On approximate commutativity of spaces of matrices

TL;DR

This paper investigates the maximal dimension and structure of subspaces of matrices where the commutator's rank is bounded, extending known results on commutative subspaces to approximate commutativity.

Contribution

It extends classical results by characterizing subspaces with bounded commutator rank and proposes a conjecture on their algebraic structure.

Findings

Maximal dimension of subspaces with bounded commutator rank is determined.

Such subspaces are conjectured to be algebras, generalizing the commutative case.

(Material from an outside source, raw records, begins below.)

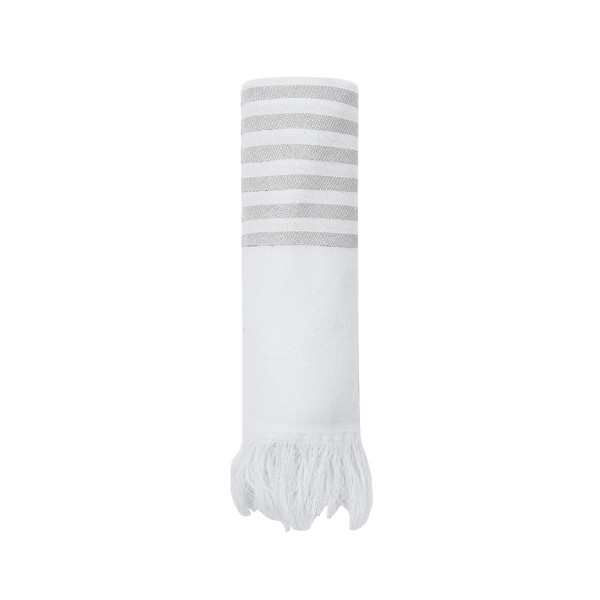 Soft pareo-towel of 300 g/m², made from a combination of recycled cotton and recycled polyester SEAQUAL. Its design features a white base combined with colored stripes and distinguished fringes at the ends. Includes SEAQUAL design label, certifying its sustainable origin and contribution to ocean cleaning. The SEAQUAL INITIATIVE works with collaborators and authorities to help clean our oceans. Marine waste from our beaches, ocean floors, and surfaces, rivers, and estuaries is collected through cleaning programs. It is then sorted into different types of materials, and the plastic portion is cleaned and transformed into RECYCLED MARINE PLASTIC, a fully traceable raw material that creates sustainable and inspiring products. By choosing products that contain RECYCLED MARINE PLASTIC, you are helping to clean our oceans. TOGETHER FOR A CLEAN OCEAN.
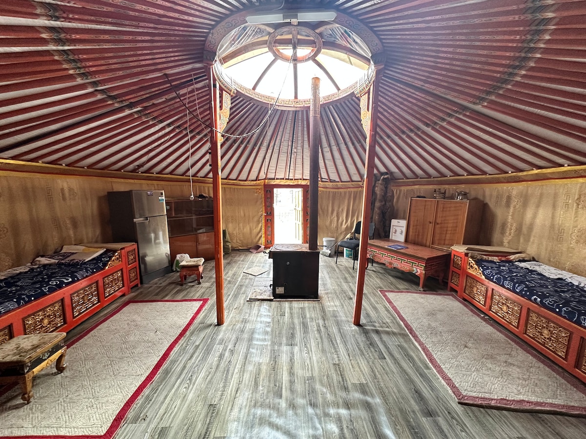 Vårt mongoliska nationella gerhus ligger nära staden. Du måste åka bil 50 minuter och nå mongoliska nationella ger. Vi har en liten gård. Om du kommer kommer kommer du att bo i antika mongoliska traditionella Ger med nomadisk familj och känna till det verkliga mongoliska livet runt underbar natur. Jag plockar alltid upp mina gäster.
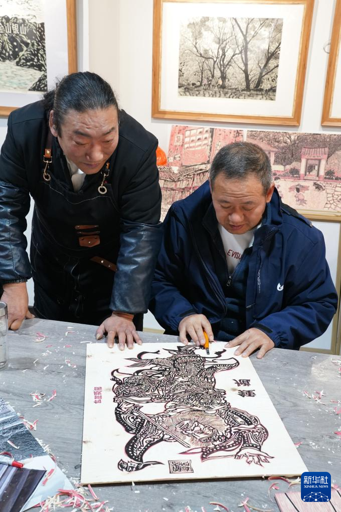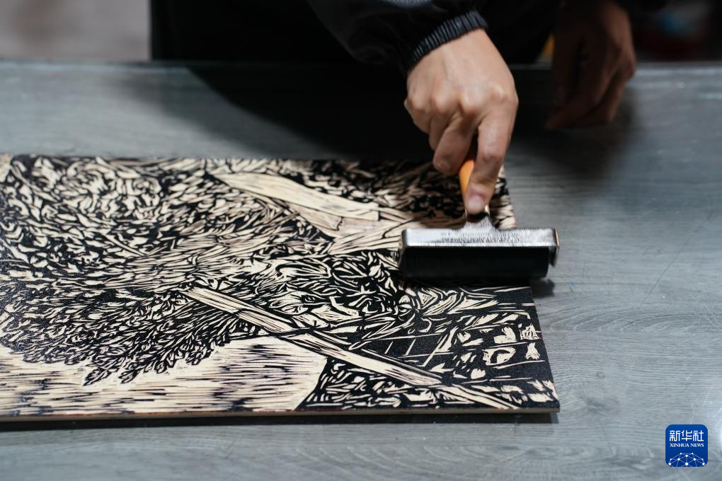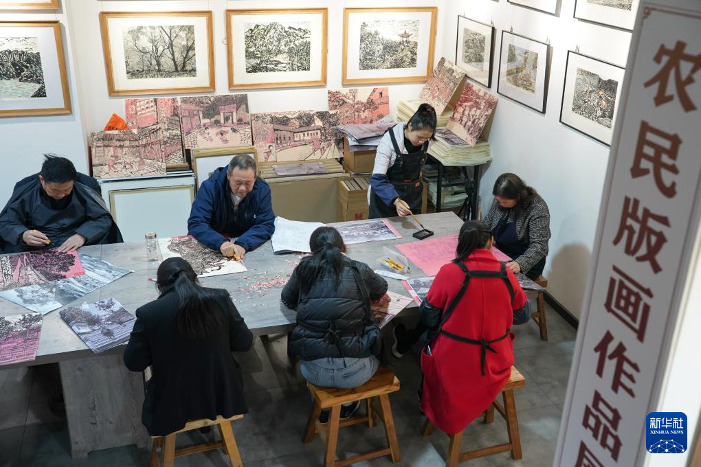 11月22日,農民版畫合作社社員和老師在旬陽市版畫院內刻版創作。

Proven structure if the subspace is already an algebra.

Abstract

The maximal dimension of commutative subspaces of $M_n(\mathbb{C})$ is known. So is the structure of such a subspace when the maximal dimension is achieved. We consider extensions of these results and ask the following natural questions: If $V$ is a subspace of $M_n(\mathbb{C})$ and $k$ is an integer less than $n$, such that for every pair $A$ and $B$ of members of $V$, the rank of the commutator $AB - BA$ is at most $k$, then how large can the dimension of $V$ be? If this maximum is achieved, can we determine the structure of $V$? We answer the first question. We also propose a conjecture on the second question which implies, in particular, that such a subspace $V$ has to be an algebra, just as in the known case of $k = 0$. We prove the proposed structure of $V$ if it is already assumed to be an algebra.